That's good to see. Originally they weren't planning on IMR lamps for the D36 lamps since there aren't any hosts with proper switches for the high current....

All that changed with their new Seraph 

I am taking a real liking to the mini-turbo D36 standard, and LF really has done a great job on all of the D36 lamps I have tried so far. I wasn't expecting a major difference from the D26 line, but they have their own optimized bulbs and everything. If the IMR D36s follow suit they should be real solid performers.


----------



## Croyde (Jul 9, 2009)

The Seraph is what Mark suggested I consider but I was hoping that I might be able to utilise a 13 volt Rattlesnake which is on route to me - sounds like there is not a twisty switch option for this then?


----------



## LIGHTSMAD (Jul 9, 2009)

these oviously don't work in a C surefire bezel........what surefire head do i need to for these to work?


----------



## mdocod (Jul 9, 2009)

Hi LIGHTSMAD,

The D36 standard is not used anywhere in the surefire lineup.
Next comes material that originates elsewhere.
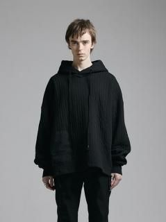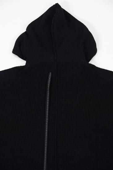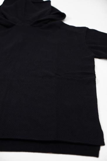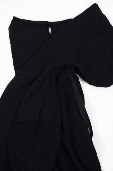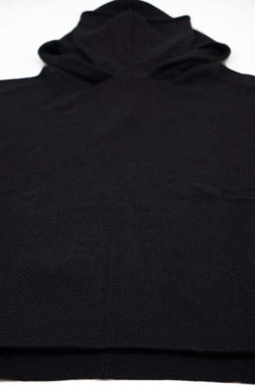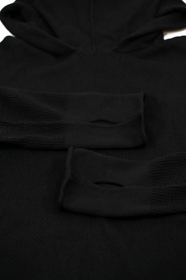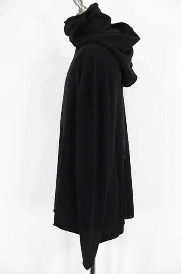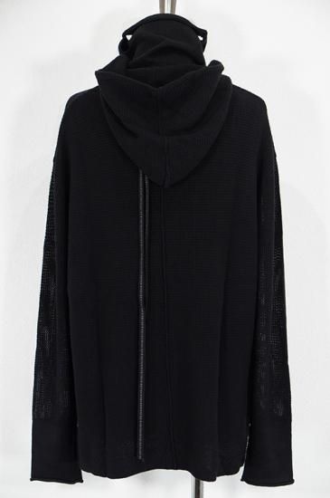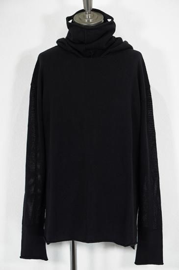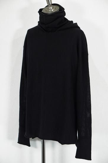 コットンカシミヤのマスク(ネックウォーマー)が付いたニットソー。薄手で柔らかい肌触り。袖は編み地を変えメッシュに。モード感のあるニットになっています。

The SF equivalent (in size roughly) is the Z46 head on the M3 but that uses a tower assembly rather than a fully-reflectored lamp assembly. The D36 reflector seems to be slightly larger diameter and of slightly different shape than the reflector in the M3 head...

Wolf Eyes and Pila were the only options out there that used the D36 reflector natively for as long as I can recall. Options for where those souped up D36 lamps from LF could go has been limited to the GL4 and M90 for quite some time. LF just came out with the D36 to SF "C" head adapter as part of their line of Seraph products. (The Seraph can play lego with many SF parts, compatibility varies depending on specific application). 

The D36s have a larger outer spring than D26 lamps, and will not seat down into all SF compatible hosts and make contact perfectly. The Seraph host was specifically designed to address this problem in it's body/head design, but that isn't necessary in all cases. The D36 head seems to work fine on SF made bodies, but not on FM made bodies (internal anodizing on the business end of the head prevents contact). YMMV with other bodies. 

-Eric


----------



## bigchelis (Jul 9, 2009)

mdocod said:


> Hi LIGHTSMAD,
> 
> The D36 standard is not used anywhere in the surefire lineup. The SF equivalent (in size roughly) is the Z46 head on the M3 but that uses a tower assembly rather than a fully-reflectored lamp assembly. The D36 reflector seems to be slightly larger diameter and of slightly different shape than the reflector in the M3 head...
> 
> ...


 


Eric,
I have an extra M6 body and tail that I was thinking of getting the Sarah D36 bezel and run a D36 lamp. Do you think it will work?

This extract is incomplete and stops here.